Tout est lié dans l’ordre social, dans l’ordre moral, dans l’ordre physique. La plus funeste des erreurs est celle qui éternise le mal en persuadant qu’il est inévitable. Les fruits désastreux de la perfectibilité s’accumuleront, les yeux s’ouvriront enfin sur l’avenir plus sinistre encore ; par l’expérience de ses misères l’homme apprendra quels sont ses biens. Cette révolution générale des choses exigera l’accord universel de tout ce qui compose l’ordre social. Les meilleures institutions que l’on établiroit en négligeant celles qui les doivent soutenir, ne seroient que des réglemens d’un jour. Cependant les hommes jetés dans le moule commun, ces vrais enfans de notre siècle, énivrés d’esprit et privés d’ame ; pour qui l’usage est la loi irrévocable ; qui voient dans le monde comme il va, le monde comme il doit aller ; que tout mouvement alarme ; que toute grande chose étonne ; dont toutes les conceptions étroites sont badines, fleuries, délicieuses qui chérissent surtout les arts aimables, et sont nés pour les choses délicates ; dont la capricieuse et indolente volupté cherche, quitte, reprend et dédaigne des nouveautés d’un goût exquis ; et qui par fois ne sachant de quoi parler, arrangent le monde social en prenant le sorbet dans un lieu charmant ; ces hommes avancés, dont vingt siècles de perfectionnement préparèrent l’ingénieuse légèreté, vous diront avec une grâce inexprimable : qu’il faut se contenter de réformer quelques abus ; que les secousses dérangent tout le monde ; que nous ne sommes plus dans les siècles grossiers de la première Grèce, ni dans les tems rustiques de nos bons aïeux ; qu’un peuple éclairé est fait pour les arts et les agrémens de la vie ; et que tout homme sage abandonne les rêves inutiles de la philosophie, se soucie peu des peuples qui l’écouteroient si rarement, vit pour soi, ne cherche que les amusemens de la société, et ne songe qu’à se rendre aimable.

  1. Cette indépendance produit trop de délibération et d’incertitude. Dès que l’on s’arrête habituellement à peser les avantages de chaque chose, il arrive souvent que l’on ne sait plus à laquelle se déterminer, et plus souvent encore que l’on n’en trouve aucune qui mérite que l’on cherche à l’obtenir ; car il en est bien peu parmi nous qui puissent valoir ce qu’elles coûtent.
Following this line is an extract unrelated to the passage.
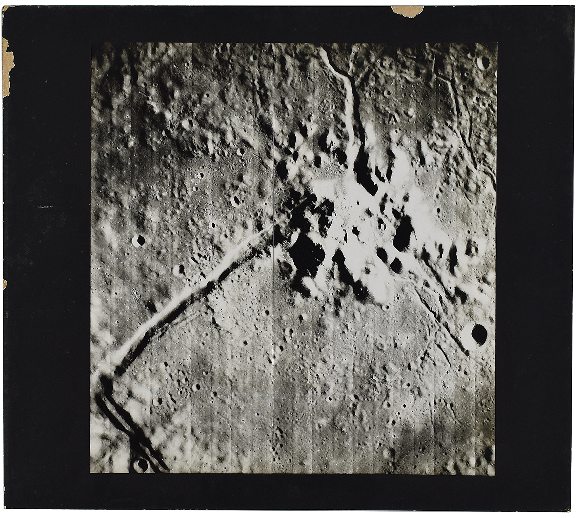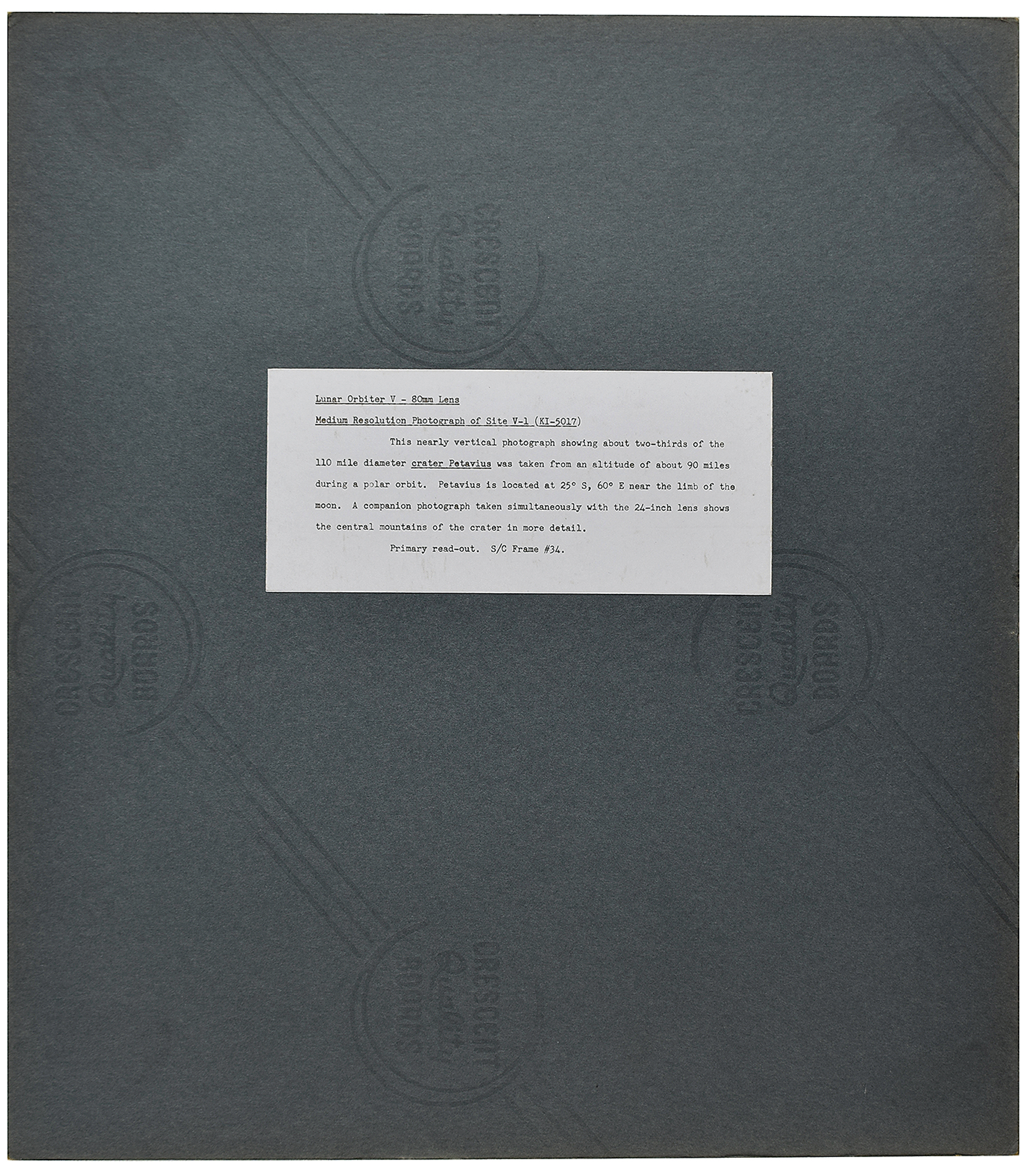 Original vintage semi-glossy 13.5 x 13 silver gelatin photograph of the moon's surface taken by Lunar Orbiter 5 in August 1967, showing a detailed near-vertical view of Crater Petavius from polar orbit. Affixed to a 16 x 18 mount, with a typed caption on the reverse, in full: "Lunar Orbiter V - 80mm Lens, Medium Resolution Photograph of Site V-1 (KI-5017). This nearly vertical photograph showing about two-thirds of the 110 mile diameter crater Petavius was taken from an altitude of about 90 miles during a polar orbit. Petavius is located at 25° S, 60° E near the limb of the moon. A companion photograph taken simultaneously with the 24-inch lens shows the central mountains of the crater in more detail. Primary read-out. S/C Frame #34." In very good to fine condition, with chipping to edges of the mount.

Cette froide estimation de la valeur réelle des choses, cette triste balance rebute notre aine suspendue dans l’indolence et le dégoût ; et l’illusion à jamais détruite nous livre à l’indifférence pour toutes choses.
  2. Quand on décide l’avenir, on voit assez bien ce qui sera le plus convenable, et nul ne peut plus légitimement que soi-même prescrire quel ordre de choses on veut embrasser ; mais quand on délibère sur le présent, l’impartialité devient d’une difficulté extrême, et il arrive presque toujours que l’on se laisse séduire par le goût actuel, ou l’intérêt du moment présent, qui rarement est le goût que l’on conservera, et l’intérêt de l’ensemble de la vie.
  3. Sans les lieux où de choix entraîneroit trop d’inconstance ou d’irrésolutions, et de desirs trop vagues et trop ambitieux, il pourroit arriver que l’exercice de ce droit naturel rendit moins heureux que les suites de les institutions qui l’ôteroient.

    Chaque consideration nouvelle m’amène toujours à condamner ce qui résulte généralement des grandes sociétés ; car que pourroit-on attendre de convenable et d’heureux pour l’homme là où les lois de sa nature, et ses droits les plus inaliénables, sont presque tous criminels ou mêmes funestes ?

  4. On peut voir dans Raynal, et ailleurs, tout ce que ce sont permis les Hollandais pour détruire chez les Indiens certaines épices, dont ils vouloient faire une récolte exclusive dans les îles qu’ils avoient envahies. On y peut voir aussi toutes les guerres, les injustices, les ravages, produits par le commerce, ce célèbre lien des peuples.